Well, as the NY Sun reported yesterday, the appellate court ruling raised a real conflict of interest problem for ESDC and Columbia; furthering the prospects that Nick Srayregen and his attorney Norman Siegel might prevail in de-railing the study and postponing any ED action: "Further complicating matters and possibly adding a legal foothold for Mr. Siegel was a ruling that came down on Tuesday from a state appellate court. The ruling upheld a June 2007 decision that said the ESDC's decision to hire AKRF, which had also worked for Columbia, represented a conflict of interest."

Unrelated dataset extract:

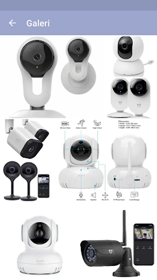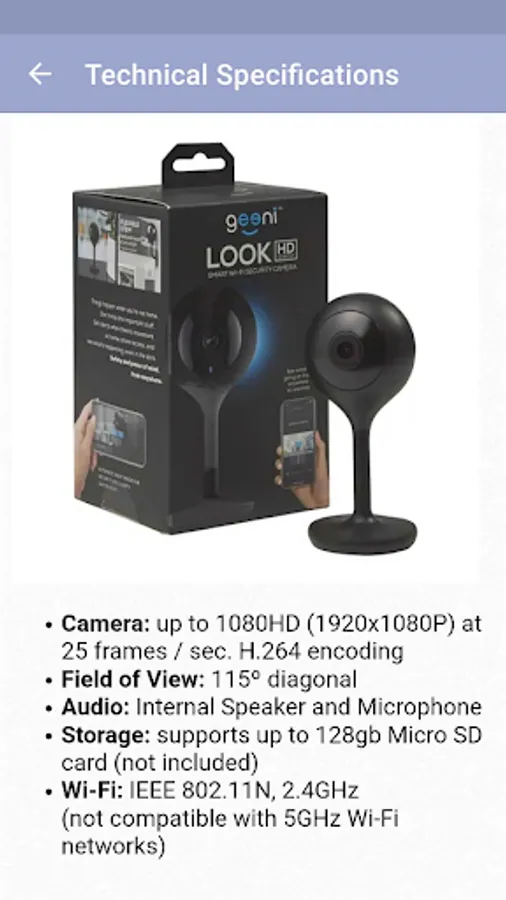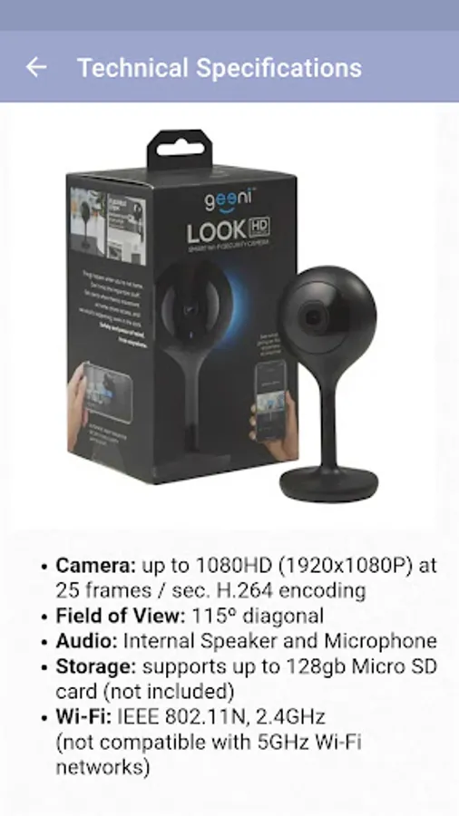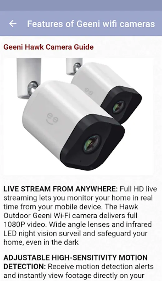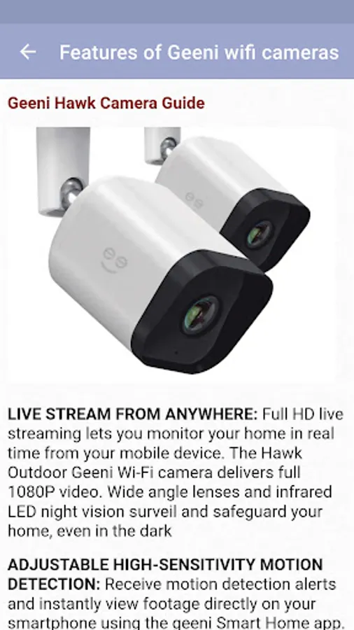 There are explanations such as geeni wifi camera features, how to set up, mounting be found on the app. Geeni camera has different models for both indoor and outdoor. Geeni Sentinel has pan and tilt feature, Glimpse and Aware models have HD display features. As an outdoor camera, there is the Geeni Hawk with waterproof feature.

State Senator Bill Perkins chimed in for the Sun on this precise issue: "State Senator William Perkins said in an interview that in light of the ruling, the Columbia University development process should be immediately halted because, if nothing else, it fuels "the perception of collusion" between the state, Columbia, and AKRF. "It would seem to me that it would have been easy to get another consultant and avoid any stench of collusion, and it would seem to me very irresponsible to subject the agency and its credibility to such an easily avoidable accusation," he said."
Perkins, who is the ranking minority member on the senate's corporation committee (and potentially Richard Brodsky's partner in crime should the Dems take over), continued in this vein at yesterday's ESDC hearing. According to the Observer: "So everything's copacetic, right?
State Senator Bill Perkins, the main elected official critical of the expansion, was not too pleased that he wasn't informed about the second study (he told the Sun today that the state should do a second study). In his comments at the board meeting, he had a rather contentious back and forth with Mr. Schick, seemingly trying to push his buttons (at least in private, many in government say Mr. Schick has something of a short fuse), though the ESDC president kept his cool.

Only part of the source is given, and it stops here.